Vejo que o seu livro é muito volumoso... isto não afasta o(a) leitor(a)?
Na verdade, isto coloca desafios: o primeiro se refere à leitura e o segundo tem a ver com os custos, especialmente, de impressão. Por isso, a gente buscou caminhos para amenizar essas questões.
Ele é escrito em fonte 12 e conta com imagens e cópias de documentos, tornando bem mais fácil a leitura. A nossa proposta é de que sirva de fonte de pesquisas e seja lido em etapas.

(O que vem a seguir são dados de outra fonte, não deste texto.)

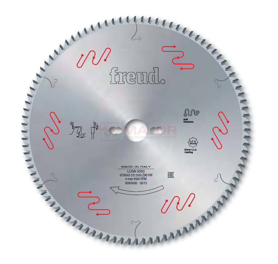ATB 38o tooth, with variable cutting angle according to the diameter.

Sobre custos, alguns esclarecimentos: optamos por não receber royalties (significa que nada recebemos dos valores pagos e 100% é custo da Editora). Não temos nenhum patrocínio, público ou privado, mas resolvemos bancar todos os custos até a edição.
E, finalmente, buscamos versões com possibilidades diferenciadas, que variam de R$ 16,57 a virtual (825 páginas) e as 02 impressas, variando entre R$ 70,00 (679 páginas) e R$ 140,00 (774 páginas).
POR QUE UM LIVRO DE HISTÓRIA?
Um povo que não conhece a sua história tende a repetir os mesmos erros. Pior ainda, se ela for fantasiada para lhe enganar... e isso é o que vimos em nossa historiografia oficial e por autores mais identificados com essa linha. Isto não é uma especulação, é um fato.
Em nossa capa, destacamos 05 pontos marcantes dela (cangaço, coronelismo, ditadura, messianismo e oligarquia); 02 deles vêm retardando em séculos o nosso desenvolvimento, são as DITADURAS e as OLIGARQUIAS. Estas últimas, podem ser piores ainda, porque sobrevivem nas democracias e vivem de seus disfarces.
O cangaço e o messianismo foram movimentos de pessoas marginalizadas e por isso foram sufocados e destruídos ferozmente pelo Estado, que sempre existiu para servir a minorias privilegiadas, que se apropriaram dele. Isto já é uma informação importante a ser compreendida.
Em que se fundamenta o seu livro? Quais as suas fontes?
Primeiro, em nossas leituras sobre história (defendo que cada página escrita esteja respaldada em 100 lidas, pelo menos); segundo, em fontes oficiais, como o TRE/CE, o IBGE, o IPECE e todas as 07 Constituições já promulgadas em nosso país.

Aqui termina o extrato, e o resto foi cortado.